Libraries installed and imported.


### Scrape the WikiPedia page

As the first step, we will need to scrape the WikiPedia page in order to retrieve its table, and therefore datas about the London Districts and Areas.
In order to do so, we will:
1. Scrape the page using BeautifulSoup;
2. Convert the OS Grid References found to coordinates (latitude, longitude) using the OSGRridConverter library; missing OS Grid References will results in NaN values for their coordinates;
3. Check the shape of the recovered dataframe

In [2]:
url_neigh = "https://en.wikipedia.org/wiki/List_of_areas_of_London"

# Scrape the page with BeautifulSoup
page = req.urlopen(url_neigh)
soup = BeautifulSoup(page, "lxml")
all_tables = soup.find_all("table")

# Initiate the dataframe
column_names = ['Location',
                'London Borough',
                'Post Town',
                'Post District',
                'Dial Code',
                'OS Grid Ref',
                'Latitude',
                'Longitude']
neigh_data = pd.DataFrame(columns=column_names)

# Loop through the scraping and extract the second table (first one is the coordinates files)
for row in all_tables[1].find_all('tr'):
    cells = row.findAll('td')
    if len(cells) == 6:
        wiki_location = cells[0].text.strip()
        wiki_borough = cells[1].text.strip()
        wiki_town = cells[2].text.strip()
        wiki_district = cells[3].text.strip()
        wiki_dial = cells[4].text.strip()
        
        wiki_gridref = cells[5].text.strip()
        try:
            wiki_latlong = grid2latlong(wiki_gridref)
        except:
            wiki_latlong.latitude = np.NaN
            wiki_latlong.longitude = np.NaN
        
        neigh_data = neigh_data.append({'Location': wiki_location,
                                        'London Borough': wiki_borough,
                                        'Post Town': wiki_town,
                                        'Post District': wiki_district,
                                        'Dial Code': wiki_dial,
                                        'OS Grid Ref': wiki_gridref,
                                        'Latitude': wiki_latlong.latitude,
                                        'Longitude': wiki_latlong.longitude}
                                       , ignore_index=True)

# Check the results
print("The resulting dataframe has a shape of: {}\n".format(neigh_data.shape))
neigh_data.head()

The resulting dataframe has a shape of: (532, 8)

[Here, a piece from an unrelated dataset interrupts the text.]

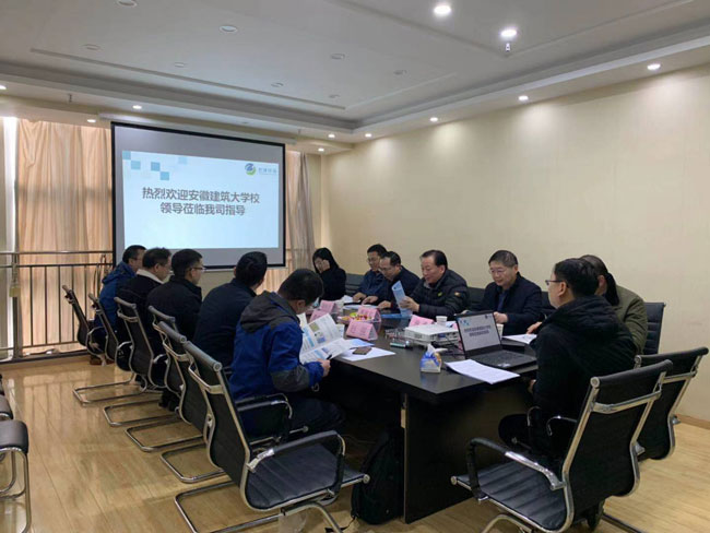 2021年2月6日,安徽建筑大學黨委黨委、副校長蔡新立教授,攜經管學院院長潘和平教授、成果轉化中心仲勇副主任(主持工作)、環能學院副院長朱曙光教授、科技處副處長謝發之教授、經管學院帥英副書記、科技處趙強教授、環能學院孫柏副教授蒞臨我公司考察交流。公司董事長查宏偉、總經理石臺全程陪同考察交流。

Unnamed: 0,Location,London Borough,Post Town,Post District,Dial Code,OS Grid Ref,Latitude,Longitude
0,Abbey Wood,"Bexley, Greenwich [7]",LONDON,SE2,20,TQ465785,51.486484,0.109318
1,Acton,"Ealing, Hammersmith and Fulham[8]",LONDON,"W3, W4",20,TQ205805,51.510591,-0.264585
2,Addington,Croydon[8],CROYDON,CR0,20,TQ375645,51.362934,-0.02578
3,Addiscombe,Croydon[8],CROYDON,CR0,20,TQ345665,51.381625,-0.068126
4,Albany Park,Bexley,"BEXLEY, SIDCUP","DA5, DA14",20,TQ478728,51.434929,0.125663


In [3]:
url_borough = "https://en.wikipedia.org/wiki/List_of_London_boroughs"

# Scrape the page with BeautifulSoup
page = req.urlopen(url_borough)
soup = BeautifulSoup(page, "lxml")
all_tables = soup.find_all("table")

# Initiate the dataframe
column_names = ['Borough',
                'Inner',
                'Status',
                'Local authority',
                'Political control',
                'Headquarters',
                'Area (sqmi)',
                'Population (2013 est)',
                'Coordinates',
                'Nr. in map']
borough_data = pd.DataFrame(columns=column_names)

# Loop through the scraping and extract the first table and second
for i in [0,1]:
    for row in all_tables[i].find_all('tr'):
        cells = row.findAll('td')
        if len(cells) == 10:
            wiki_borough = cells[0].text.strip()
            wiki_inner = cells[1].text.strip()
            wiki_status = cells[2].text.strip()
            wiki_locauth = cells[3].text.strip()
            wiki_polctr = cells[4].text.strip()
            wiki_head = cells[5].text.strip()
            wiki_area = cells[6].text.strip()
            wiki_pop = cells[7].text.strip()
            wiki_coord = cells[8].text.strip()
            wiki_nmap = cells[9].text.strip()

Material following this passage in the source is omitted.